## Task brief
Quote the records that follow in full, leaving the pictures out.

## Dataset
····················

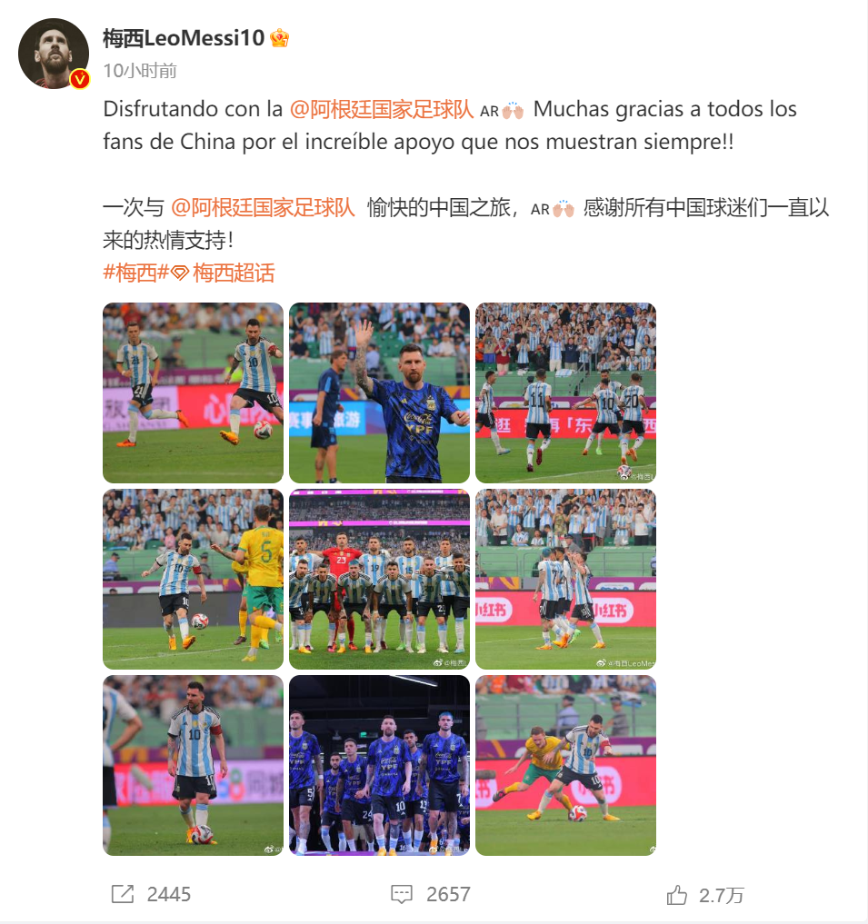 1 蛇形走位,抱到梅西6月15日晚上8点,梅西率领的阿根廷队亮相北京新工人体育场,对阵澳大利亚队。在这场国际友谊赛中,阿根廷队以2:0轻取澳大利亚队。身穿10号球衣的梅西踢满全场,更是在开赛仅81秒就闪电般攻破对方球门。 据阿根廷当地媒体报道,这个进球也是梅西职业生涯中的最快进球。此前的纪录是2018年对阵切尔西时的2分06秒。
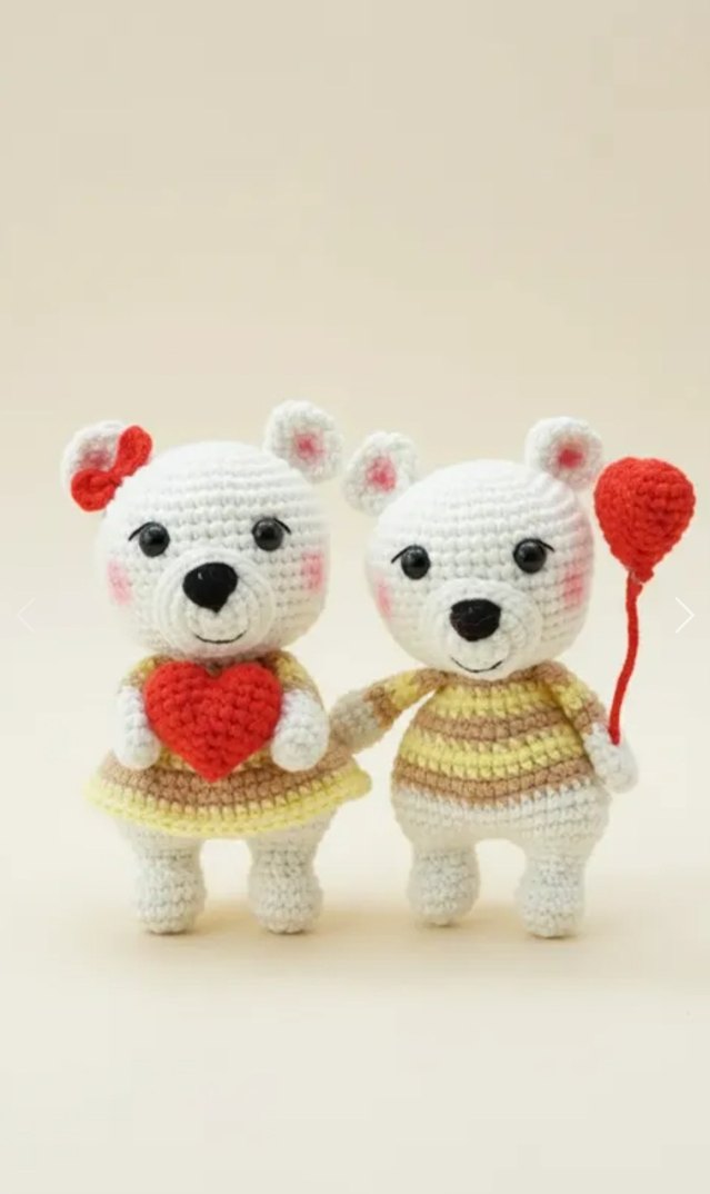 Kırmızı kalp ve balon tutan, sarı çizgili kıyafetli iki renkli beyaz örme ayıcık. Yumuşak ve şirin sevgi ayiciklar
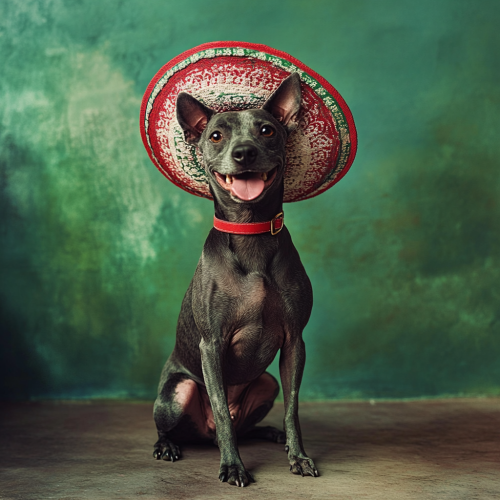 Mexican Independence Day Celebration with Xoloitzcuintle and Cat
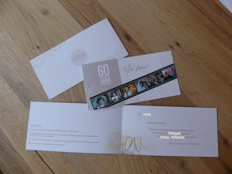 ich habe meine Karten nun doch heute noch bei CEWE direkt bestellt und als Lieferdatum den 17.6. genannt bekommen, also Donnertag. CEWE war bisher immer pünktlich und meistens sogar etwas schneller als zugesagt, also bin ich zuversichtlich, dass ich die Einladungen noch pünktlich verschicken kann. Ich mache so etwas normalerweise nicht auf den letzten Drücker, aber leider haben wir die definitive Zusage für die Location erst gestern bekommen. Es ist halt immer noch Ausnahmesituation gerade ... Viele Grüsse
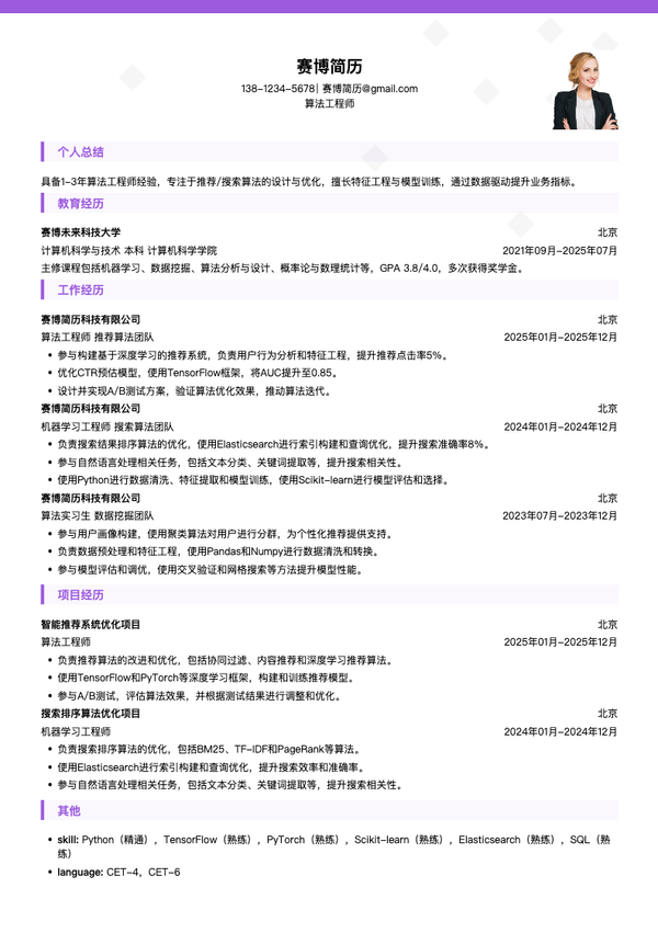 算法工程师简历模板 | 免费互联网简历制作下载_赛博简历

····················

## Exercise response
 1 蛇形走位,抱到梅西6月15日晚上8点,梅西率领的阿根廷队亮相北京新工人体育场,对阵澳大利亚队。在这场国际友谊赛中,阿根廷队以2:0轻取澳大利亚队。身穿10号球衣的梅西踢满全场,更是在开赛仅81秒就闪电般攻破对方球门。 据阿根廷当地媒体报道,这个进球也是梅西职业生涯中的最快进球。此前的纪录是2018年对阵切尔西时的2分06秒。
 Kırmızı kalp ve balon tutan, sarı çizgili kıyafetli iki renkli beyaz örme ayıcık. Yumuşak ve şirin sevgi ayiciklar
 Mexican Independence Day Celebration with Xoloitzcuintle and Cat
 ich habe meine Karten nun doch heute noch bei CEWE direkt bestellt und als Lieferdatum den 17.6. genannt bekommen, also Donnertag. CEWE war bisher immer pünktlich und meistens sogar etwas schneller als zugesagt, also bin ich zuversichtlich, dass ich die Einladungen noch pünktlich verschicken kann. Ich mache so etwas normalerweise nicht auf den letzten Drücker, aber leider haben wir die definitive Zusage für die Location erst gestern bekommen. Es ist halt immer noch Ausnahmesituation gerade ... Viele Grüsse
 算法工程师简历模板 | 免费互联网简历制作下载_赛博简历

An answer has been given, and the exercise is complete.